Для сохранения правдоподобия замечу, что сколько-нибудь характерными моими особенностями я считаю только следующие: [3]3
Здесь в особенности, а также и в дальнейшем, настоящее время изъявительного наклонения употребляется исключительно для удобства изложения. Чтобы быть исторически точным, о большинстве из указанных черт следовало бы говорить в прошедшем времени.

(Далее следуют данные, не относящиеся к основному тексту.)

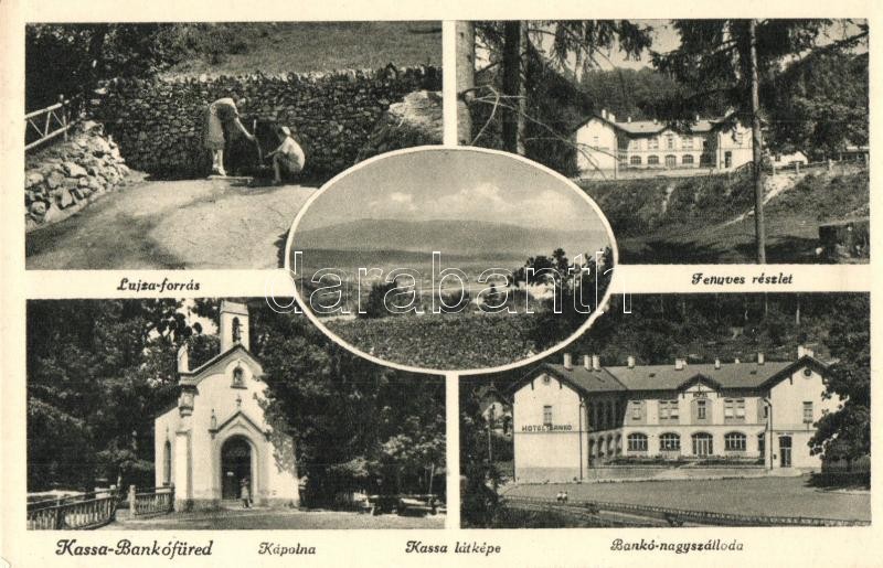 Leírás: Bankó-fürdő, Bankov (Kassa, Kosice); Lujza forrás, Fenyves, Bankói nagyszálloda, Kápolna / spring, forest, hotel, chapel
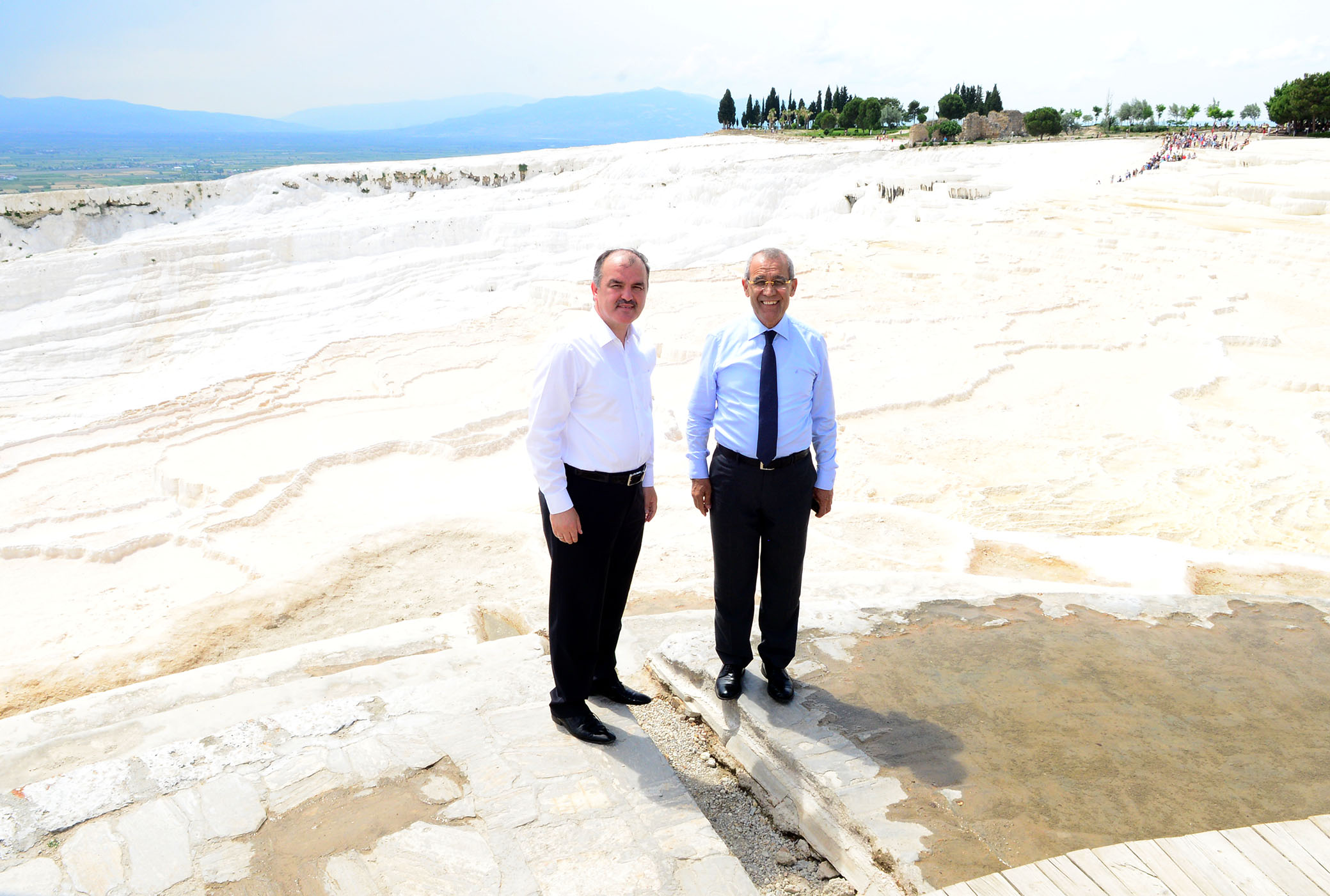 Pamukkale Belediye Baskani Hüseyin Gürlesin, dünyanin göz bebegi olan yilda 2 milyon turistin ziyaret ettigi beyaz cennet Pamukkale’nin isletmesini devir almak için geçtigimiz ay resmi basvuru yapildigini açiklamisti. Süreçle ilgili olarak Baskan Gürlesin, 30 Nisan’da Kültür ve Turizm Bakan Yardimcisi Abdurrahman Arici ile Pamukkale’de görüsmüstü. Pamukkale’nin isletmesi devir almak noktasinda girisimlerini sürdüren Baskan Gürlesin, Bakan Yardimcisi Arici’yi bir kez daha Pamukkale’ye davet ederek agirladi.

[Закрыть]я чувствую к женщинам большое влечение, и число женщин, которое мне правится, очень велико. Мысль о выборе приходит ко мне лишь впоследствии. И выбор этот имеет отрицательную форму. Я не выбираю, а исключаю. Мой инстинкт действует по способу приемочных комиссий во время рекрутского набора, цель которых, как известно, состоит не в том, чтобы выделить самого сильного и крепкого человека во Франции, но чтобы отобрать всех тех рекрутов, которые не являются явно непригодными. Если бы позволяли нравы, я завел бы себе несколько жен без малейшего смущения. Говорят, что к этому склонны все южане и моногамия естественна лишь у северных народов. Но чтобы судить о том, что людям действительно хочется делать, крайне неразумно основываться на том, что они делают.
Могу ли я сказать, что в моей жизни, по крайней мере в известный ее период, я обладал многими женщинами? Это было бы недопустимым хвастовством. В этом отношении я проявлял всегда большую умеренность. Не потому ли, что я был чувственным главным образом в воображении? Нет, наоборот. С этой стороны у меня были также вполне реалистические стремления. Воображение никогда не удовлетворяло меня. Скорее, оно бы меня раздражало. Моя умеренность, как мне кажется, являлась прежде всего следствием нетребовательности моих вкусов. Инстинкт утрачивает свою остроту, когда случаи утолить его встречаются на каждом шагу. Стакан вина кажется не столь ценным в Провансе, как во Фландрии, и если почтальону не хочется пить, он откажется от него без сожаления.